Как же неистово я буду любить тебя, наш дом. Мы умели ждать, сумеем быть счастливы, независимо от неизбежных накладок и условностей, быта, будней, дел и обстановке в стране. Мне, пожалуй, первые дни, будет казаться странным, что люди беспечны, одеты ярко и не экономят электричество по ночам. Я одичал, поэтому не сразу к Вам, как горит в душе, да и почту у мамули надо забрать, алименты отдать. Элементарно – смыть порох и плацкартных  подушек перья стряхнуть.
     Не переживайте, если я Вас застану сонную и непричесанную, Вы любая – всегда для меня внезапность, волнение. Когда мы вместе – мы веселы, здоровы, беспечны,  невыносимо счастливы! Не забывайте, Мадам, что перед и после моих платонических строчек – отнюдь не невинные мысли о Вас. Не спрашиваю разрешения (наглость и дерзость), верю в свою звезду, гениальность неподалеку, а по сему – учтите: совершенно сказочный людоед разгонит всех поклонников, кои вздумают приблизиться к некоему бульвару в ожидании Вас…
     Ваши портреты! Я сяду напротив и буду поедать Вас глазами. Печальными, бесстыжими и верными. Мы не будем никуда спешить, будем спать до часу дня, вставать с постели в три – только для прогулки в театр или кино и безо всякой цели.

     Боже… как я устал без Вас.
Мы не муж и жена и никогда не позволим себе такой глупости. Мы идеальные – абсолютные любовники, хотя бы даже не прикоснулись друг к другу уже никогда. Останемся ими после той ночи. Никогда не угадаете, какой именно. Гений может быть рабом идеи и… женщины. Наш роман бесконечен и не надейтесь на последнюю страницу, на фантастическое исчезновение белых листов.
     Длинный коридор на Шпалерной (несколько тысяч верст) с черным кабинетом, с осколками темных стекол моих очков, саккомпанировавших: «Рadam! padam! padam, Мадам», - все это и другое – венец. Простите, Мадам, что венчались не в церкви. Любовники не идут под венец. Любовница преподносит любовнику венок «из лютиков и водяного кресса» - вернейшее средство от меланхолии.

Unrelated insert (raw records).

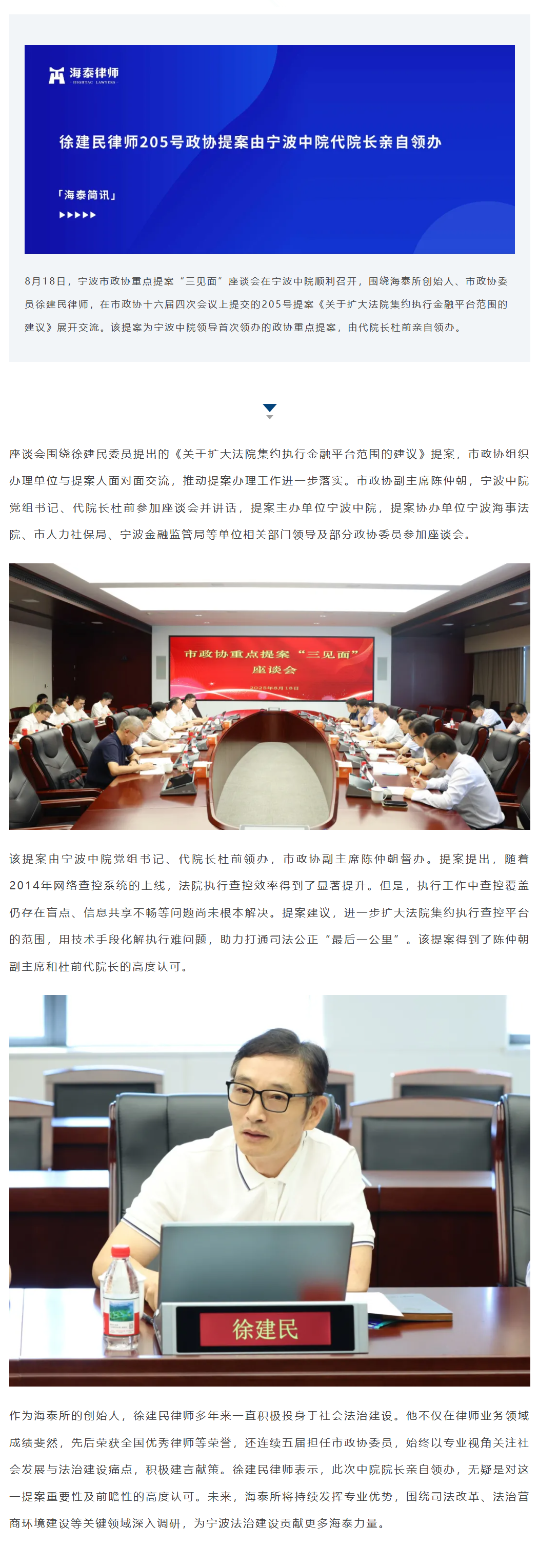 徐建民律师205号政协提案由宁波中院代院长亲自领办 | 海泰简讯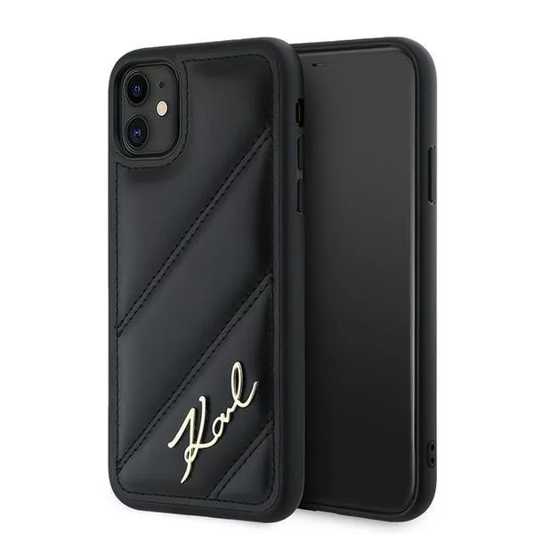 Karl Lagerfeld KLHCN61PQDSMGK Diagonal Quilted Script iPhone 11/Xr 6.1", hátlap, tok, fekete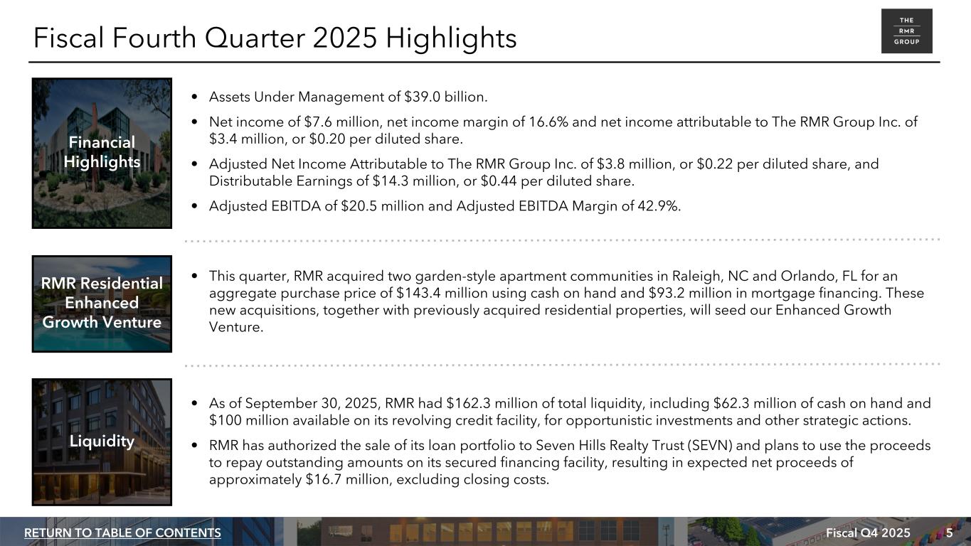 5Fiscal Q4 2025RETURN TO TABLE OF CONTENTS Liquidity Financial Highlights RMR Residential Enhanced Growth Venture • Assets Under Management of $39.0 billion. • Net income of $7.6 million, net income margin of 16.6% and net income attributable to The RMR Group Inc. of $3.4 million, or $0.20 per diluted share. • Adjusted Net Income Attributable to The RMR Group Inc. of $3.8 million, or $0.22 per diluted share, and Distributable Earnings of $14.3 million, or $0.44 per diluted share. • Adjusted EBITDA of $20.5 million and Adjusted EBITDA Margin of 42.9%. Fiscal Fourth Quarter 2025 Highlights • This quarter, RMR acquired two garden-style apartment communities in Raleigh, NC and Orlando, FL for an aggregate purchase price of $143.4 million using cash on hand and $93.2 million in mortgage financing. These new acquisitions, together with previously acquired residential properties, will seed our Enhanced Growth Venture. • As of September 30, 2025, RMR had $162.3 million of total liquidity, including $62.3 million of cash on hand and $100 million available on its revolving credit facility, for opportunistic investments and other strategic actions. • RMR has authorized the sale of its loan portfolio to Seven Hills Realty Trust (SEVN) and plans to use the proceeds to repay outstanding amounts on its secured financing facility, resulting in expected net proceeds of approximately $16.7 million, excluding closing costs.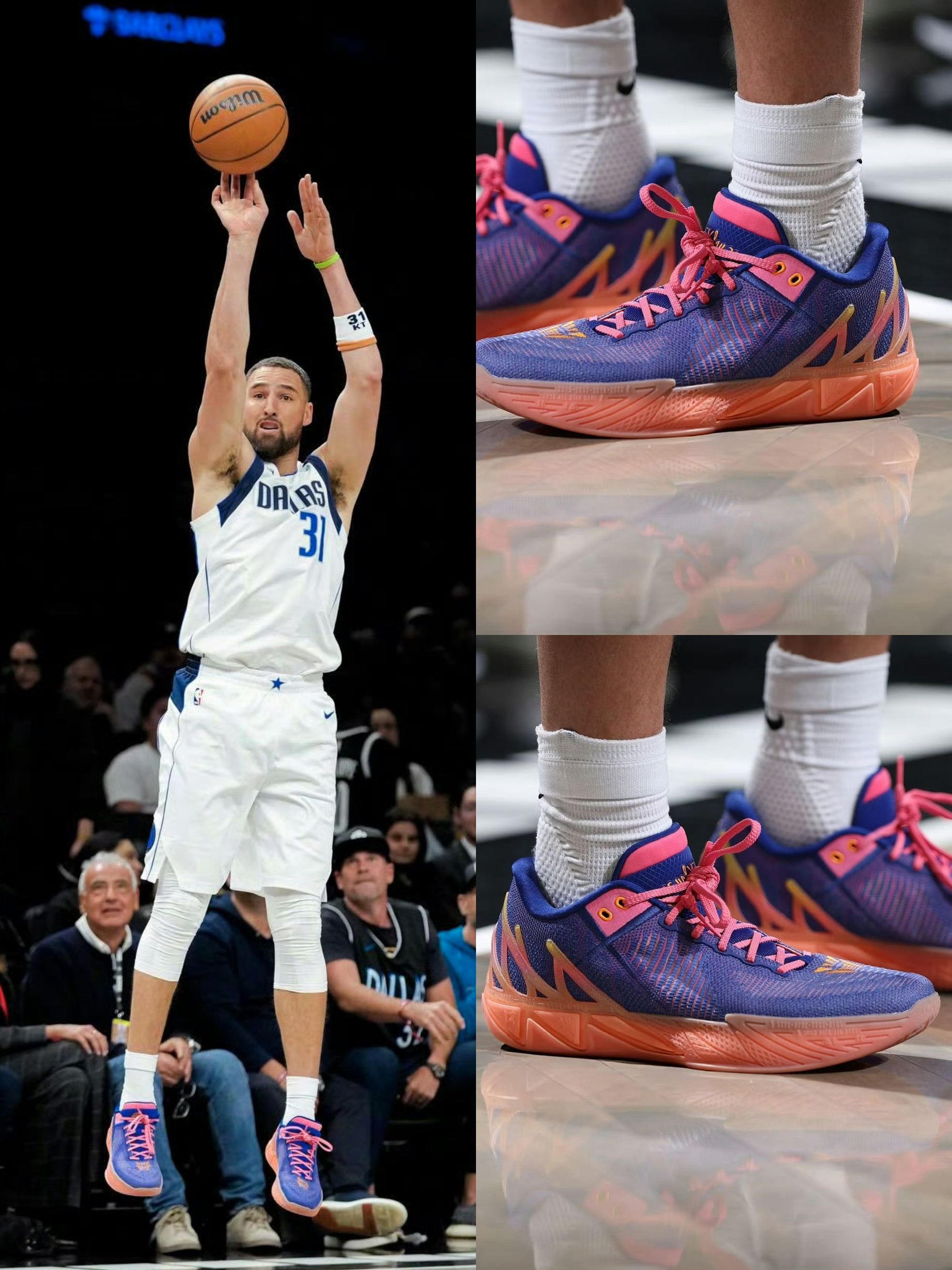 Kt11这款球鞋的设计灵感源自克莱·汤普森的家乡洛杉矶的日落大道,鞋身主色调为深紫色,搭配粉色与橙黄色的渐变色彩,整体呈现出洛杉矶日落时分的美丽景象。同时后跟TPU同样采用三色渐变设计,与鞋面颜色相呼应。鞋舌处设计独特,左脚印有克莱·汤普森的英文签名,右脚则印有“SUNSET”与洛杉矶日落相关的图案标识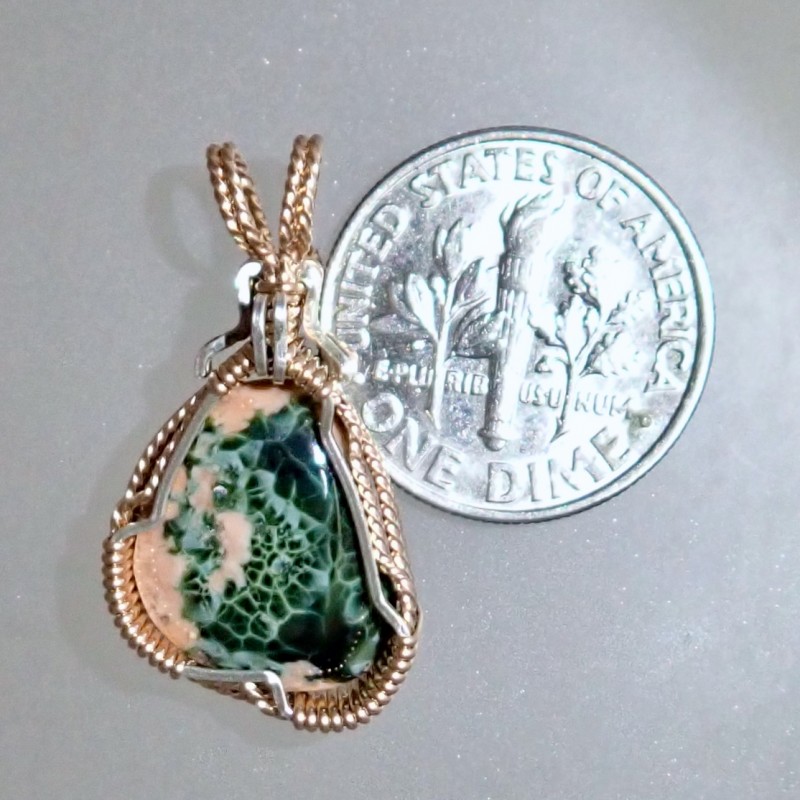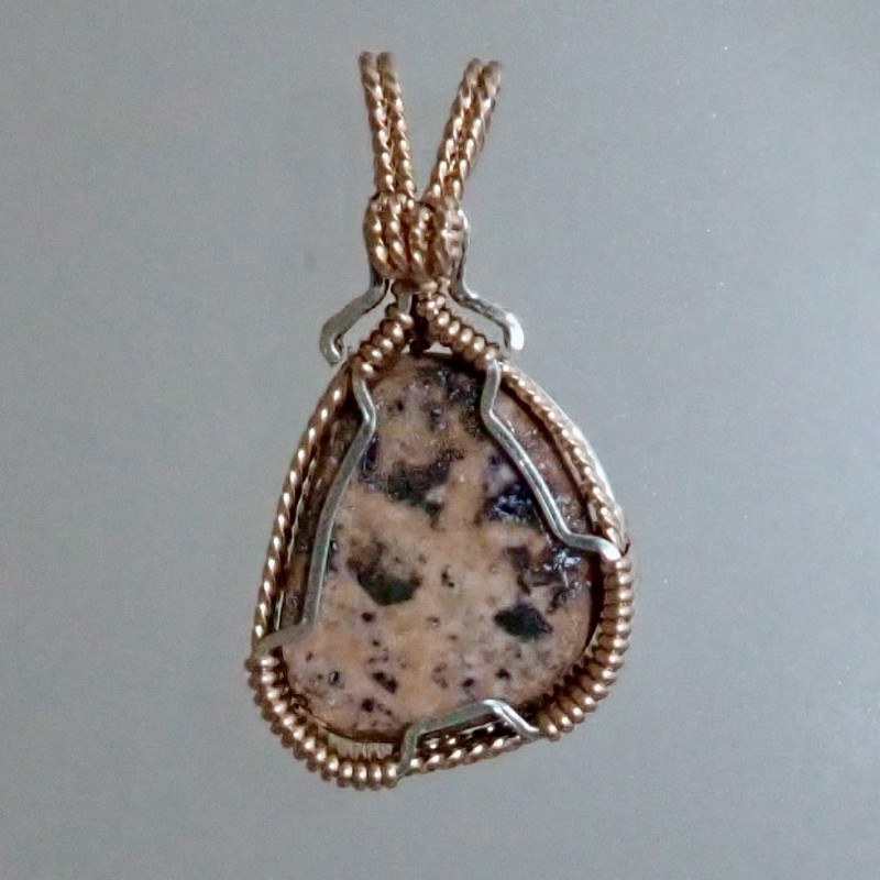 A really nice green and pink Isle Royale greenstone is simply wire wrapped in pink gold with a touch of Argentium wires.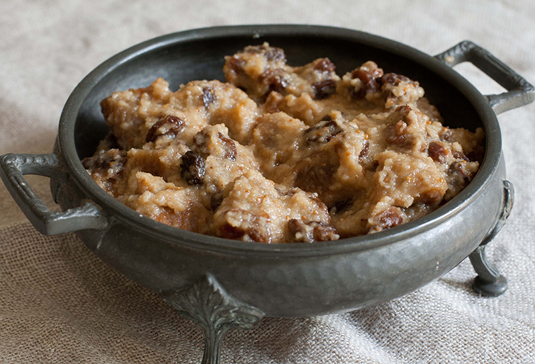 The pudding nosotros know today began life as a pottage. This was a kind of broth, including raisins and other dried fruit, spices and wine. Information technology was thickened with breadcrumbs or ground almonds. Not different to the mince pies of yesteryear, it often included meat or at least meat stock.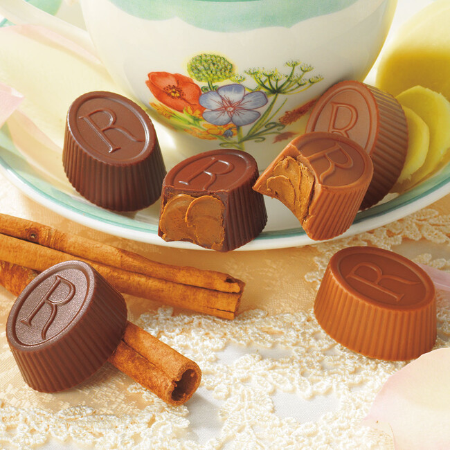 ひと口サイズのショコラで、[シナモン]・[ジンジャー]の2種類のミルクティーの風味を表現しました。ミルクティーのクリームには、味わい濃く芳醇な香りからミルクティーにぴったりの茶葉・アッサムを使っています。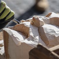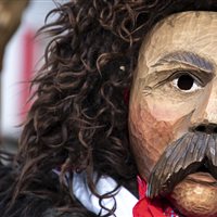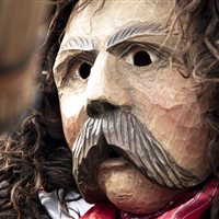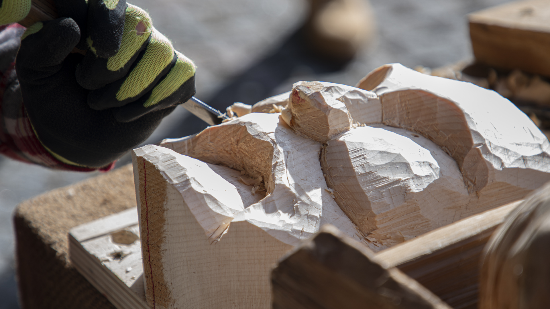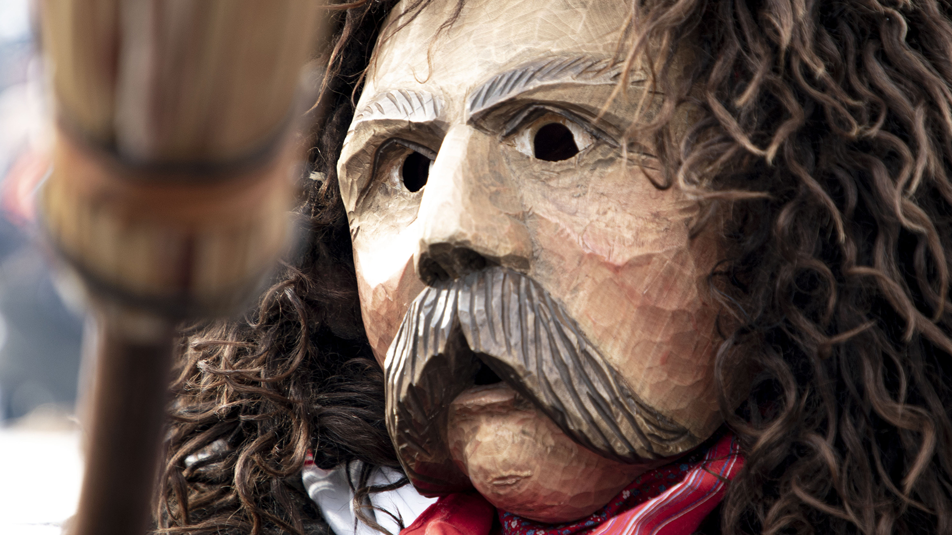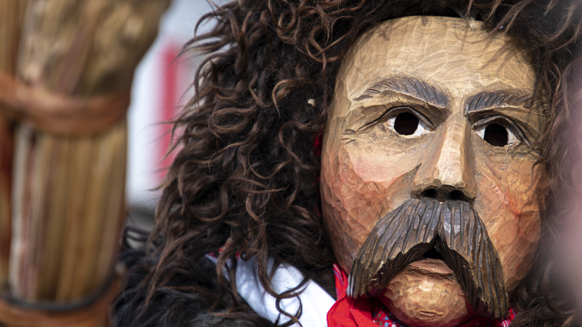 La maschera che copre il volto nasce a mano dall'intaglio di un blocco di cirmolo, legno morbido che permette di scolpire i dettagli, anche quelli più piccoli, con precisione.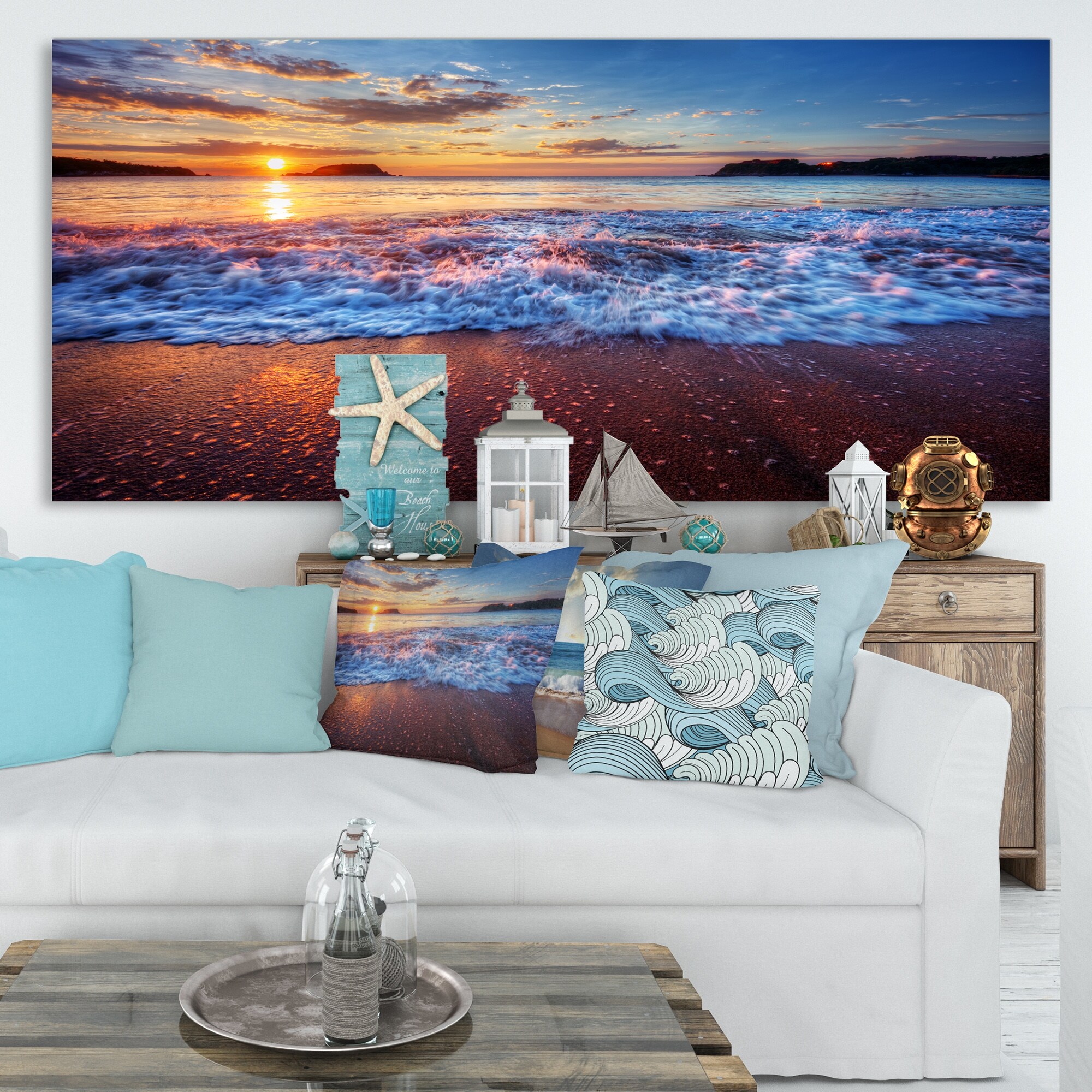 Designart "Blue Sea Sunset on Sandy Coastline" Seashore Framed Canvas Art Print

     Мне странно самому, что столько лет нами владела игра слов: уединение в творческих кошмарах, бессонницы уходят.
     Господи!
Как хотел (хочу!) бы сейчас, после полуночи прокуренного тамбура, оказаться в Вашей комнате, даже более того – у Вашего окна. Это возможно. Припомните ту ночь – я был у Вас. У Ваших ног.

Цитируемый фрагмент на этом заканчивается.